Boat dock grounding and NEV

dbchamblee

Member
To minimize the effects of neutral-to-earth voltage (NEV) at boat docks, I heard it suggested to install only low voltage DC equipment (lighting, boat lifts, etc.). The thinking is since you don't have AC run to the dock, you don't have to ground metal parts which prevents the neutral voltage from being transferred to the metal parts.

Would it have to be run off batteries or PV? Could you have an AC power supply as long as it was on shore?

Thoughts?
 
If the supply is totally isolated from anything with continuity to the utility neutral you shouldn't have any NEV issues. An AC to DC power supply powered by utility power has some risk of some sort of interconnection of grounded conductors especially if the DC system is grounded.
 
Elevated 'neutral-earth-voltage' can have multiple causes. The utility multi-earth-neutral wire is the cause that gets the headlines, but it isn't the only source of issues.

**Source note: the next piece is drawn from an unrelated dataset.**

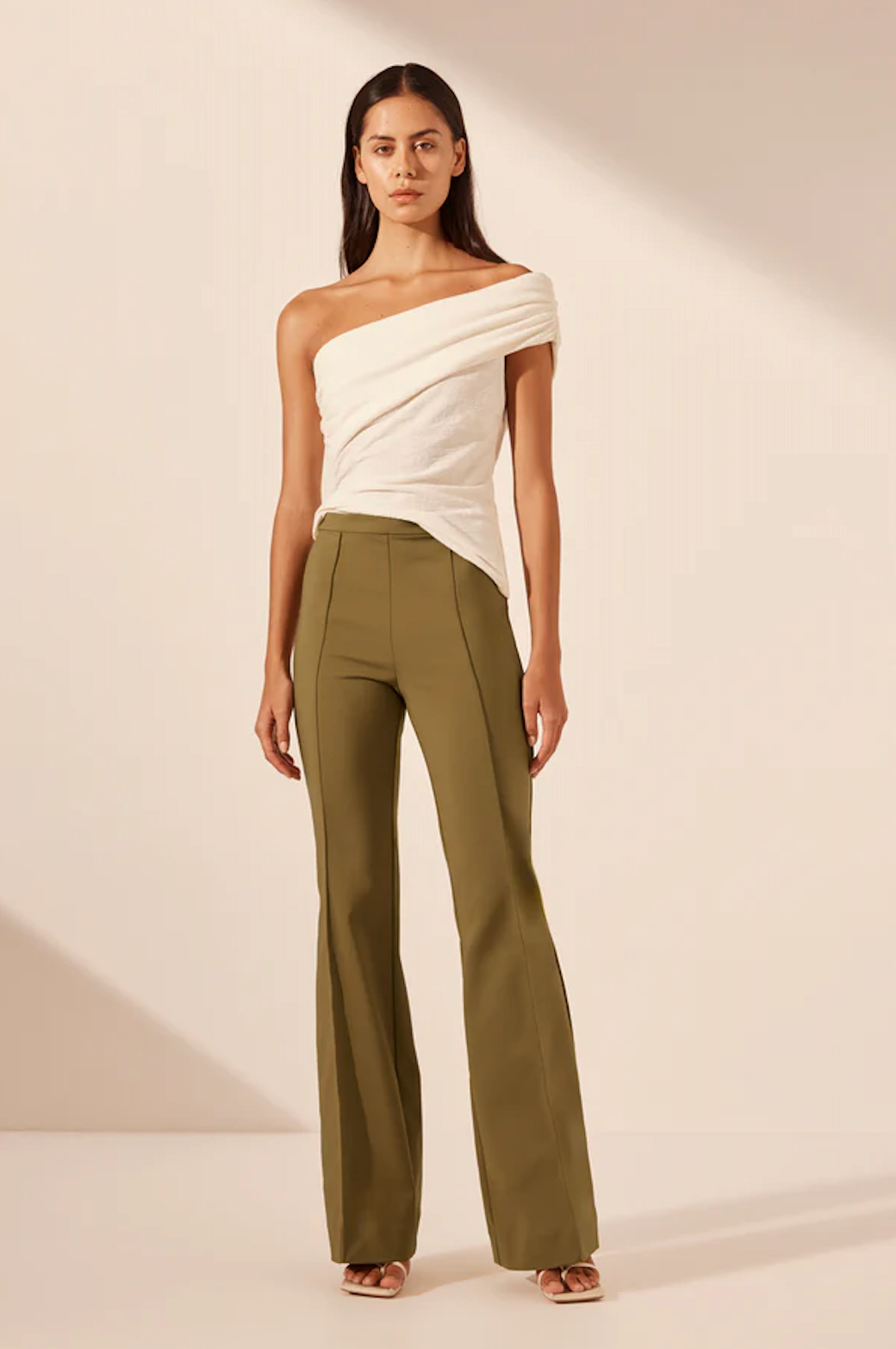 SHONA JOY Lani Boot Cut Flared Pants - Army Green

A big source of the problem can be on the local low voltage side of power distribution. See as just 1 example:

Which goes to say that even if you only have local low voltage distribution you can still have problems.

Now if by low voltage you mean something like 12 or 24V DC, then you might remove even these problems, but now you are greatly reducing the functionality of the system; you are not going to provide much shore power to a boat or much power for a boat lift at 24V. If you just want a bit of decorative lighting 12V is fine. But if you want to run a half horsepower motor down the dock you are not going to do it at 24V.